WORKING DATA.
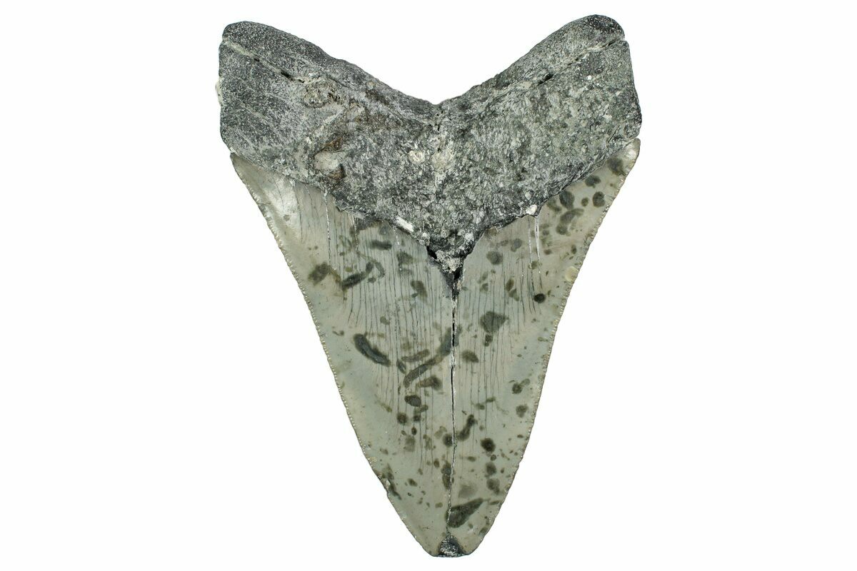 The standard measure for megalodon teeth is slant height, or the longest edge of the tooth. Adult megalodon teeth were typically in the 4 to 5 inch range: teeth over 6 inches are rare and represent super-sized individuals. Only a handful of teeth have ever been found over seven inches.
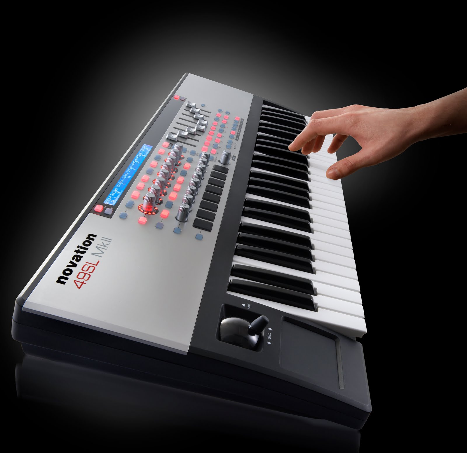 Novation 49SLII keyboard controller connected (and powered) via USB to the laptop – for playing the occasional keyboard line and controlling levels etc
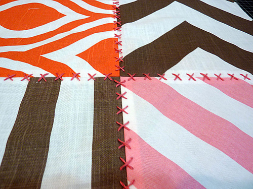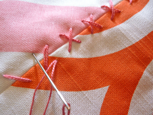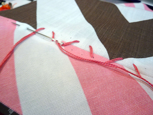 - Do this on both sides of each pillow top seam. This spacing is what looked good to our eye. Feel free to adjust your stitches to what you like best.
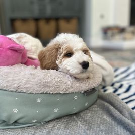 I'm Shelly M., the breeder behind Fluffy Puppy Mini Doodles LLC located in Corona, CA. Puppies are mini Goldendoodles, VERY light to Non-shedding and highly intelligent. The loyalty and loving disposition of this breed are simply the best! We put a great deal of effort into raising our litters to ensure our puppy families will have the best experience raising their new family members.
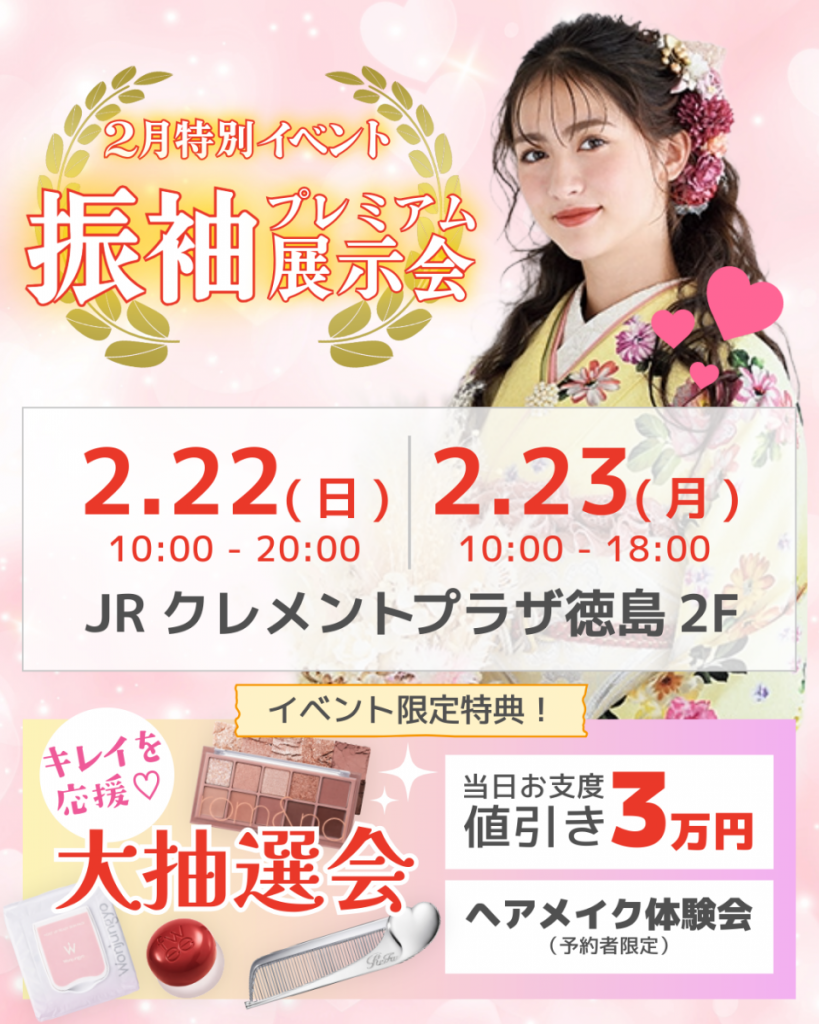 このたび、2月限定の特別イベント「振袖プレミアム展示会」を開催いたします。
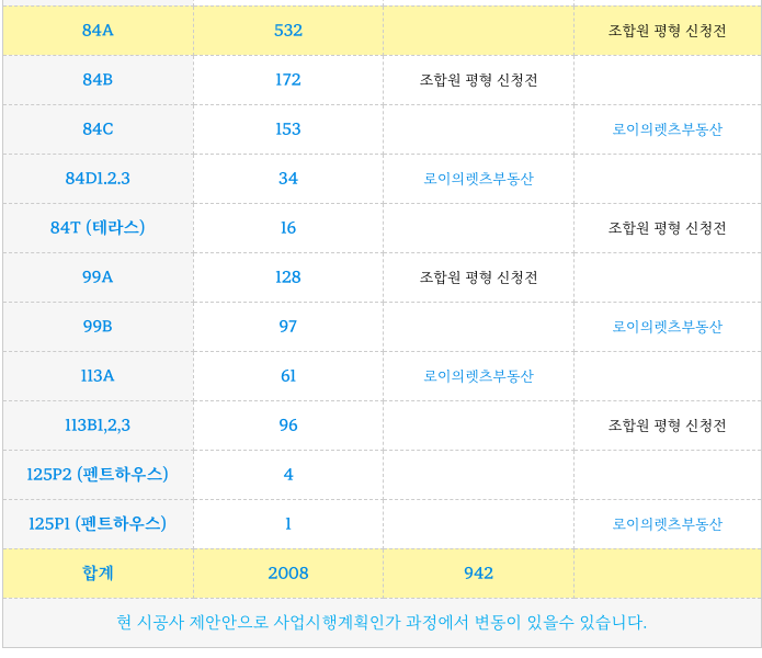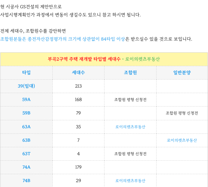 부곡2구역 재개발의 시공사 제안안의 타입별 세대수 입니다.

PROBLEM TO SOLVE.
Output exactly the lines from the line containing "- Do this on" through the last line of the records, both included, and leave out every picture.

EXERCISE OUTPUT.
 - Do this on both sides of each pillow top seam. This spacing is what looked good to our eye. Feel free to adjust your stitches to what you like best.
 I'm Shelly M., the breeder behind Fluffy Puppy Mini Doodles LLC located in Corona, CA. Puppies are mini Goldendoodles, VERY light to Non-shedding and highly intelligent. The loyalty and loving disposition of this breed are simply the best! We put a great deal of effort into raising our litters to ensure our puppy families will have the best experience raising their new family members.
 このたび、2月限定の特別イベント「振袖プレミアム展示会」を開催いたします。
 부곡2구역 재개발의 시공사 제안안의 타입별 세대수 입니다.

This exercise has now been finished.